__DATA FOR PROCESSING__
--------------------

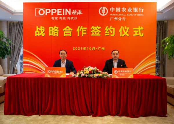 新浪定制频道讯 2021年10月21日,欧派家居集团股份有限公司与中国农业银行股份有限公司广州分行在广州欧派集团总部签署战略合作协议,欧派集团获得农行广州分行100亿元综合授信额度。双方将在相关金融领域开展合作,这也是欧派首次获得银行业百亿级授信。
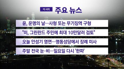 ■ 윤, 운명의 날…사형 또는 무기징역 구형 ■ "미, 그린란드 주민에 최대 10만달러 검토" ■ 오늘 안성기 영면…명동성당에서 장례 미사 ■ 주말 전국 눈·비…일요일 다시 '한파' [저작권자(c) YTN 무단전재, 재배포 및 AI 데이터 활용 금지] 대한민국 24시간 뉴스채널 [YTN LIVE] 보기 〉 [YTN 단독보도] 모아보기 〉
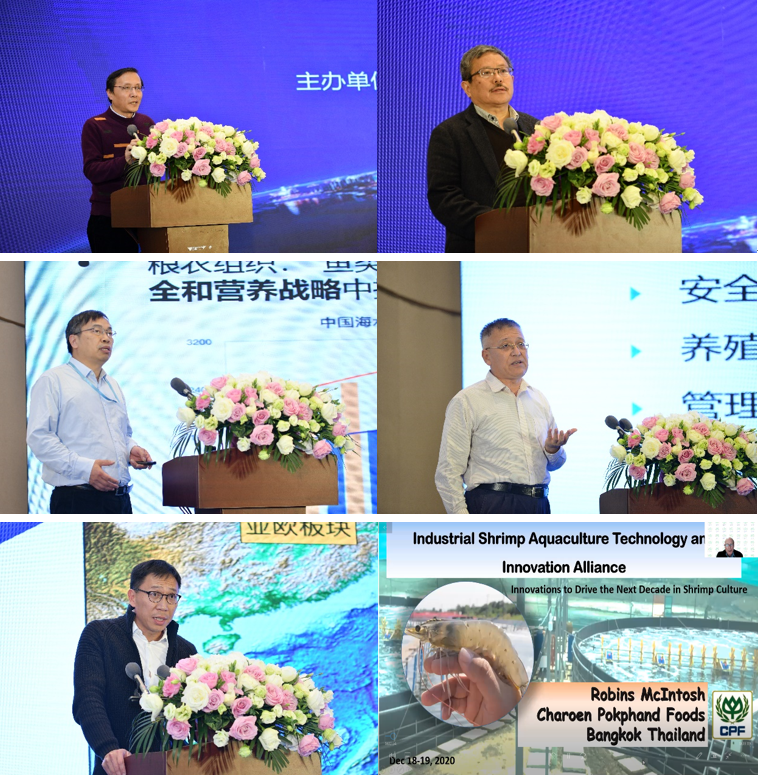 在論壇學術報告環(huán)節(jié),中國水產科學研究院方輝處長作了題為“深藍漁業(yè)科技創(chuàng)新戰(zhàn)略研究”報告,強調深藍漁業(yè)是漁業(yè)發(fā)展史上的一次重大革命,將成為極具潛力的戰(zhàn)略性新興產業(yè);李健副所長重點就實現海水綠色養(yǎng)殖發(fā)展的路徑進行了闡述;中國水產科學研究院漁業(yè)機械儀器研究所諶志新研究員以“深遠海智能化養(yǎng)殖漁場發(fā)展規(guī)劃研究”為主題,介紹了國內外深遠海養(yǎng)殖進展;中國科學院海洋研究所王雷研究員的報告剖析了工廠化養(yǎng)蝦的關鍵控制點分析與操作要點;青島藍色糧倉海洋漁業(yè)發(fā)展有限公司總經理劉敏著重探討了中國深遠海養(yǎng)殖品種選擇與工藝;正大食品全球副總裁羅賓斯·麥金托什以視頻形式作了題為“未來十年,推動對蝦養(yǎng)殖業(yè)發(fā)展的幾個創(chuàng)新”的專題報告。
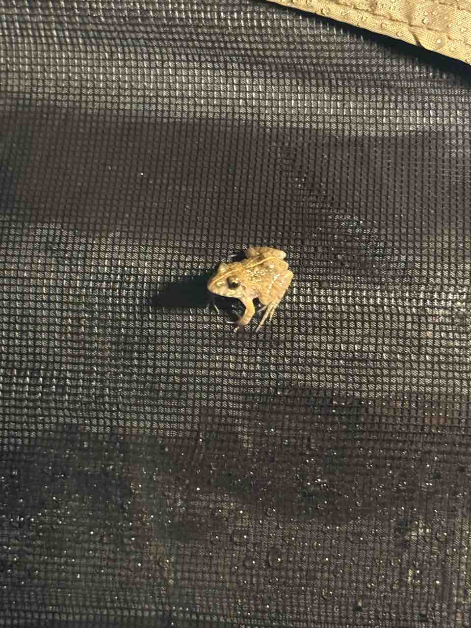 ふと見るとテントに小さなカエルが乗ってるし(笑)。
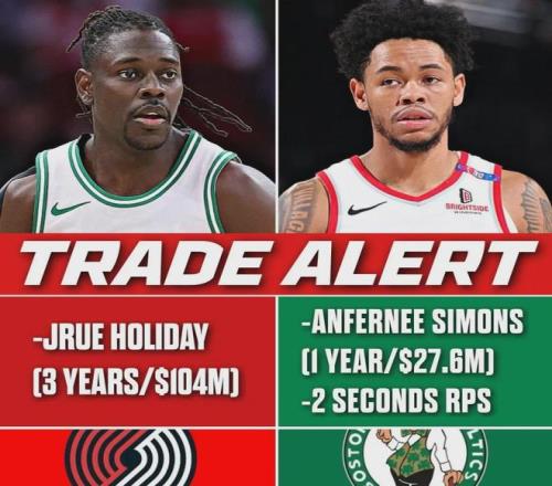 這筆交易本來是1換3,凱爾特人用霍勒迪換來西蒙斯和2個(gè)次輪簽。開拓者在體檢時(shí)發(fā)現(xiàn)霍勒迪有傷,撤回2個(gè)次輪簽,交易變成1換1。霍勒迪合同還剩3年1.04億美元,西蒙斯合同僅剩1年2760萬,凱爾特人一舉省下4000萬奢侈稅!
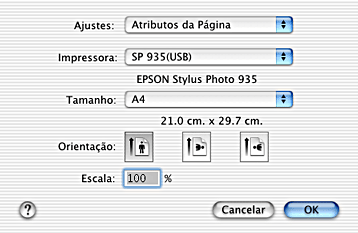 Seleccione a impressora a configurar na caixa de diálogo Configurar Página. |
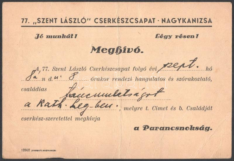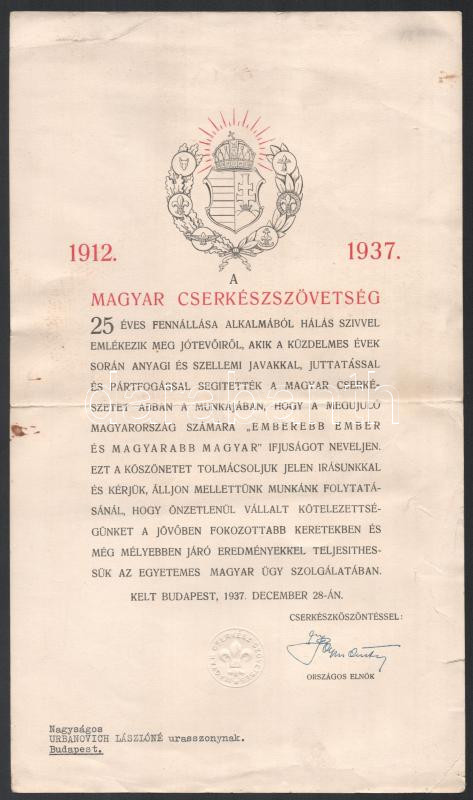 1937 Magyar Cserkészszövetség 25 éves fennállása alkalmából küldött köszönö levél, nyomtatott aláírással, szakadással, kisebb folttal + cca 1930-40 77. "Szent László" nagykanizsai cserkészcsapat meghívója táncmulatságra
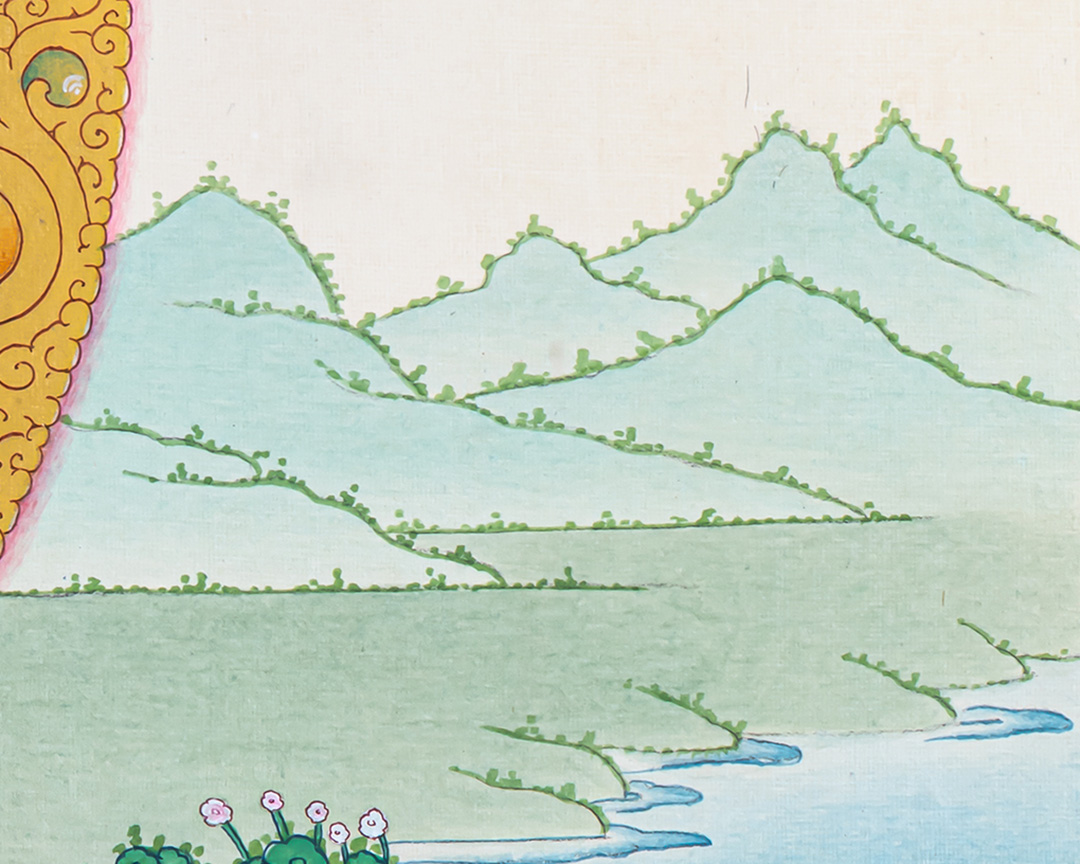 Amitabha Buddha with Chenrezig and Guru Rinpoche I High Quality Glicee Canvas Print

--------------------

__AIM OF THE TASK__
Repeat the listing above exactly from its first line to the line containing "단독보도] 모아보기 〉", both included, and omit the pictures.

__ANSWER BELOW__
 新浪定制频道讯 2021年10月21日,欧派家居集团股份有限公司与中国农业银行股份有限公司广州分行在广州欧派集团总部签署战略合作协议,欧派集团获得农行广州分行100亿元综合授信额度。双方将在相关金融领域开展合作,这也是欧派首次获得银行业百亿级授信。
 ■ 윤, 운명의 날…사형 또는 무기징역 구형 ■ "미, 그린란드 주민에 최대 10만달러 검토" ■ 오늘 안성기 영면…명동성당에서 장례 미사 ■ 주말 전국 눈·비…일요일 다시 '한파' [저작권자(c) YTN 무단전재, 재배포 및 AI 데이터 활용 금지] 대한민국 24시간 뉴스채널 [YTN LIVE] 보기 〉 [YTN 단독보도] 모아보기 〉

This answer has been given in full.